The Ukulele Death Squad has created something special and the big crowd was testament to their appeal. They’ve cannily exploited the incredible recent rise in popularity of the ukulele. Someone wrote that the Death Squad may just make the ukulele cool again. Well it’s mission accomplished! I think I might just go and buy one.

(This review also published in The Clothesline.)

Thursday, March 28, 2019

Ralph McTell - Church Of The Trinity (14 March, 2019)

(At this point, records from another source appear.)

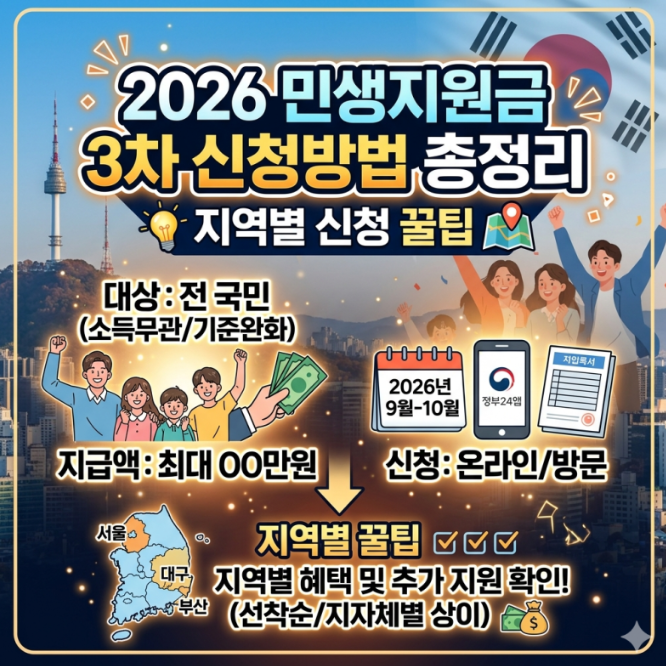 2026 민생지원금 3차는 생활 안정과 경제 부담 완화를 위해 지급됩니다. 하지만 전국 공통이 아닌 지역별 정책이라는 점이 가장 중요합니다.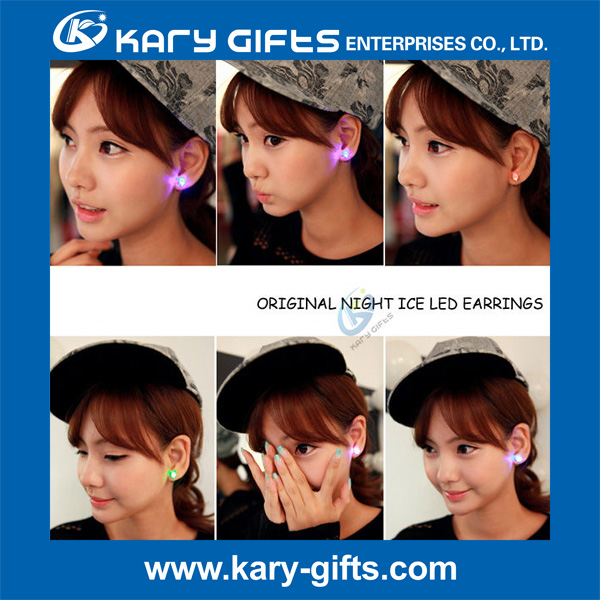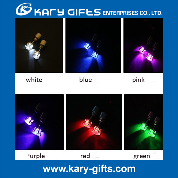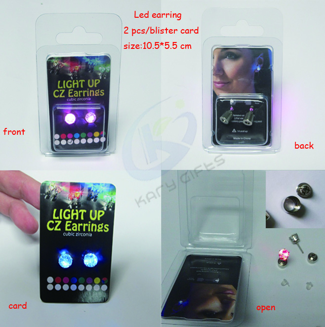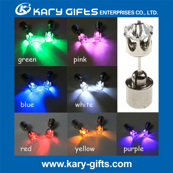 This multi color crystal light up led earring made of copper and crystal , with mini cute shape, is powered by 2 pcs cell batteries included in the led shining earring. The copper material allows all people to wear it, no worry it will be allergy. Just snap the crystal party with battery set, it will light on. Take the 2 parts apart, it will light off. This led earrings is really convenient and beautiful to have it. With CE and ROHS certifications, it is supermarket approved high quality. The earrings are really shining, you will be eye-catching and be the charming focus. You can also wear it at day time by replace the battery part with the white plastic stud.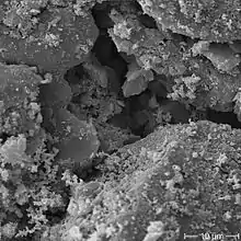 El carbón activado se produce en un proceso de dos pasos. Se comienza con la pirólisis de varios materiales carbonosos, como la madera, el coco, el petróleo o la turba. Este proceso es seguido por un tratamiento a altas temperaturas (600 °C - 900 °C) con una variedad de agentes oxidantes (activadores) como vapor, dióxido de carbono o ácidos para aumentar la capacidad de adsorción mediante la formación de un laberinto interno de poros.[7][8] Las áreas de superficie típicas oscilan entre 800 y 1200 m²/g.[9]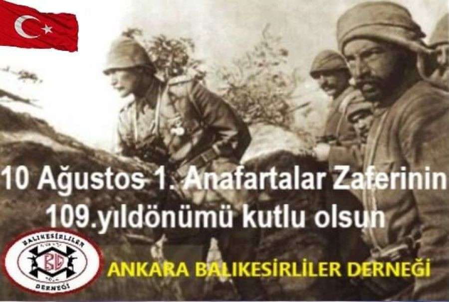 ANKHABER / Ankara Balıkesirliler Derneği Başkanı Servet Camgöz, Anafartalar Zaferinin 109. yıl dönümü dolayısıyla yaptığı paylaşımda, 10 Ağustos’u ‘çok özel bir gün’ olarak nitelendirdi.

Streets Of London is 50 years old this year, and both the song and its composer are aging gracefully.
Ralph McTell is a Londoner born and bred but learned to play guitar by listening to black American blues and ragtime players like Big Bill Broonzy and Blind Blake, so there’s a lot more in his musical repertoire than just standard folk. Indeed, the breadth and scope of his original material covering several decades is just awesome.
In a wonderful concert he played songs about his childhood (Barges, Mr Connaughton), a mate he met on a building site (the beautiful From Clare To Here), his affinity for Australia – a song written for Billy Connolly (In The Dreamtime), a paean to the poetry of Dylan Thomas, and a dedication to the black musicians he is indebted to in what was my favourite of the night – The Ghost of Robert Johnson. Inevitably there was reference to those who have gone, and After Rain was dedicated to his old friend and musical collaborator Maartin Alcock (ex-Fairport Convention and Jethro Tull). McTell suggests “tears refresh the soul.”
Every song comes with an interesting tale – told many times I’m sure – but still told again with sincerity and enthusiasm for us as if he were telling it for the first time. And the music aside, that has always been one of McTell’s strengths as a performer. He just has that knack of effortlessly bringing you into his world – two hours of chat and songs just flew by.
I could be picky and say I noticed a few occasions where he didn’t quite hit the melody as purely as he might have decades back, but his voice is still strong, deep and rich. His songs are also rich in metaphor (Peppers And Tomatoes), and frequently come with a tinge of melancholy but it’s more the pensive type of melancholy that comes from an acceptance of what life brings rather than sadness. An evening with Ralph McTell is in fact quite life affirming. He certainly refreshed my soul.